Paper Reading AI Learner

Generalizing Multi-Step Inverse Models for Representation Learning to Finite-Memory POMDPs

2024-04-22 19:46:16
Lili Wu, Ben Evans, Riashat Islam, Raihan Seraj, Yonathan Efroni, Alex Lamb


Discovering an informative, or agent-centric, state representation that encodes only the relevant information while discarding the irrelevant is a key challenge towards scaling reinforcement learning algorithms and efficiently applying them to downstream tasks. Prior works studied this problem in high-dimensional Markovian environments, when the current observation may be a complex object but is sufficient to decode the informative state. In this work, we consider the problem of discovering the agent-centric state in the more challenging high-dimensional non-Markovian setting, when the state can be decoded from a sequence of past observations. We establish that generalized inverse models can be adapted for learning agent-centric state representation for this task. Our results include asymptotic theory in the deterministic dynamics setting as well as counter-examples for alternative intuitive algorithms.
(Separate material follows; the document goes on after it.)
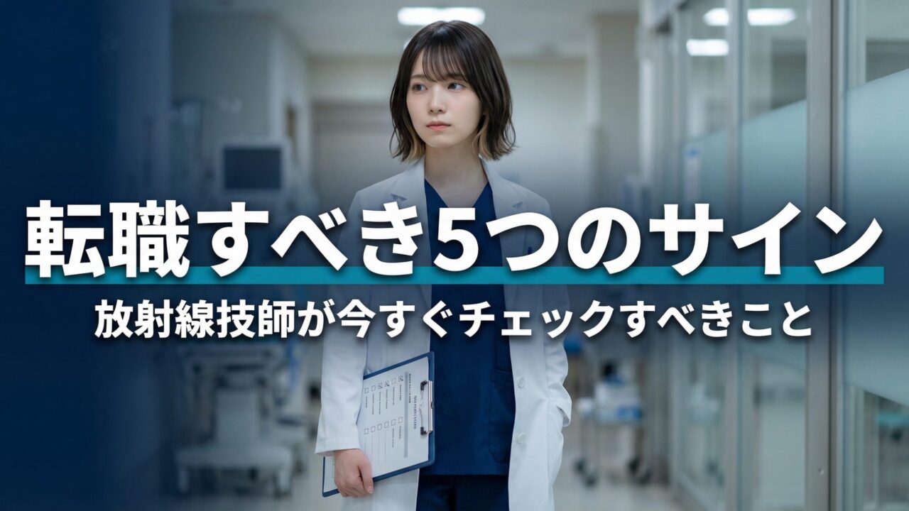 転職を検討すべき5つのサインは、①給与が市場相場を下回っている、②モダリティが固定されスキルアップが止まっている、③当直・残業でQOLが破壊されている、④人間関係が閉鎖的でハラスメントがある、⑤将来のキャリアパスが見えない、の5つ。1つでも当てはまったら、まず情報収集から始める価値がある。

We complement these findings with a thorough empirical study on the agent-centric state discovery abilities of the different alternatives we put forward. Particularly notable is our analysis of past actions, where we show that these can be a double-edged sword: making the algorithms more successful when used correctly and causing dramatic failure when used incorrectly.

Abstract (translated)

发现一个 informative、或以 agent-为中心的状态表示,仅编码相关信息而丢弃无关信息,是扩展强化学习算法并将其应用于下游任务的关键挑战。先前的研究在高度维度的马尔可夫环境中研究了这个问题,当时当前观察可能是一个复杂的对象,但足够解密相关信息的状态。在本文中,我们考虑在更高维度的非马尔可夫设置中发现代理中心状态的问题,当时状态可以从过去的观察序列中编码。我们证明了扩展倒模模型可以用于学习这种任务的代理中心状态表示。我们的结果包括确定性动态系统设置下的渐进理论以及关于替代直觉算法的反例。我们通过对这些替代算法的实验研究来补充这些发现。特别是值得注意的是我们对过去动作的分析,我们表明这些动作可以是双刃剑:正确使用时使算法更加成功,而错误使用时会导致戏剧性的失败。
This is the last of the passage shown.